Три года, что он прослужил у Пармениона, были счастливым временем, к его удивлению. Мысли об Элее никуда не исчезли, но острые, рваные края душевной раны сгладились, позволяя ему, по крайней мере, испытывать редкие моменты радости.
Скрип ворот прорезался сквозь его размышления, и он встал, вынимая кинжал. Если лекарь привел с собой офицеров стражи, то он сейчас увидит, как Мотак держит свое слово!
Дверь открылась, и в комнату вошел Эпаминонд. Лицо фиванца исхудало, глаза были темны, с синяками. Он медленно прошел к кровати и взглянул на спящего.
— Что, никаких улучшений? — спросил он у Мотака.
Слуга спрятал клинок. — Нет. Я заставил хирурга прекратить кровопускания; он грозился пойти к судьям.
Эпаминонд расположил свое изможденное тело на стуле. — Калепий сказал мне, что Парменион страдал от страшных болей в голове.
— Это случалось иногда, — ответил ему Мотак, — особенно после пробежек. Боль была нестерпимой, и порой он был близок к потере сознания. Но только месяц назад Парменион сказал мне, что приступы набирают силу.

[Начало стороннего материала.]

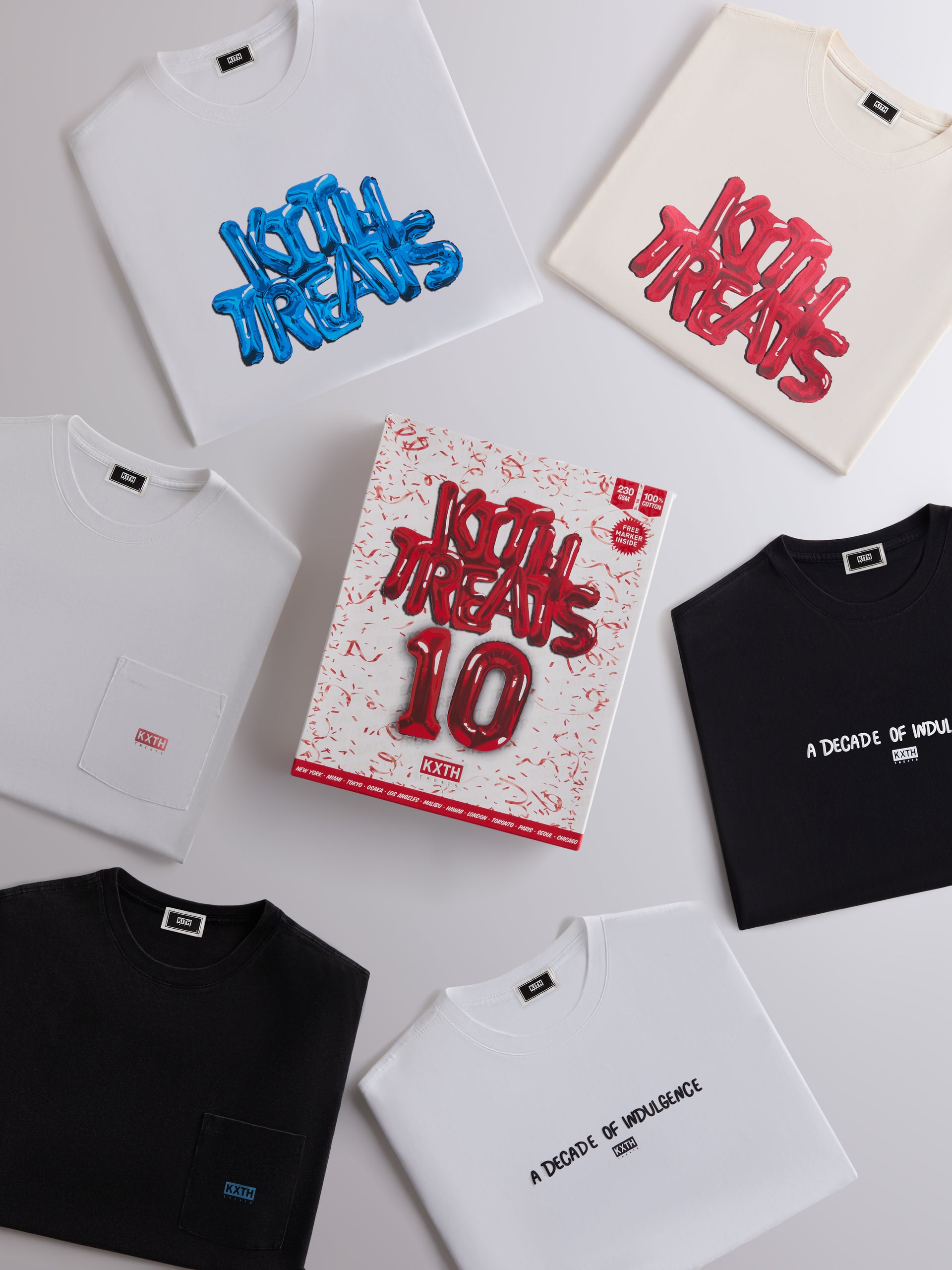 이번 10주년을 축하하기 위해 Kith Treats는 10주년 기념 캡슐 컬렉션을 선보입니다. 이번 컬렉션은 Kith Treats의 10주년을 기념하는 커스텀 그래픽을 담고 있으며, 브랜드의 초기 디자인과 가장 기억에 남는 순간들에 대한 오마주를 표현하고 있습니다.

Эпаминонд кивнул. — Мне пришло письмо от друга из Спарты; его зовут Ксенофонт. Он был учителем Пармениона на протяжении нескольких лет и оказался свидетелем самого первого приступа. Тогда лекарь был уверен, что в черепе Пармениона растет опухоль. Я надеюсь, что он не умрет. Мне хотелось бы его отблагодарить. Ведь я не смог бы вытерпеть новых… наказаний.
— Он не хочет умирать, — сказал Мотак.
Какое-то время Эпаминонд ничего не говорил, затем посмотрел на слугу. — Я ошибался в тебе, друг мой, — признался он.
— Сейчас это не важно. Не знаешь ли ты кого-либо, кто сумел бы помочь ему выкарабкаться?
Эпаминонд поднялся. — Есть один целитель, травник по имени Аргон. В прошлом году Гильдия Хирургов добивалась его изгнания из города; утверждали, что он — шарлатан. Но один мой друг клянется, что Аргон спас ему жизнь. И я лично знаю человека, ослепшего на правый глаз, который благодаря Аргону теперь может снова видеть. Я пришлю целителя сюда, этой же ночью.
— Я слышал об этом человеке, — сказал Мотак. — Расценки у него просто огромны. Он толстый и неповоротливый, и мучает своих слуг хуже чем рабов.
— Я и не говорил, что он будет хорошей компанией. Но давай на чистоту, Мотак. Парменион умирает: я не думаю, что он протянет еще одну ночь. Но не переживай из-за расценок; я это улажу. Я многим обязан Пармениону — все Фивы в неоплатном долгу перед ним.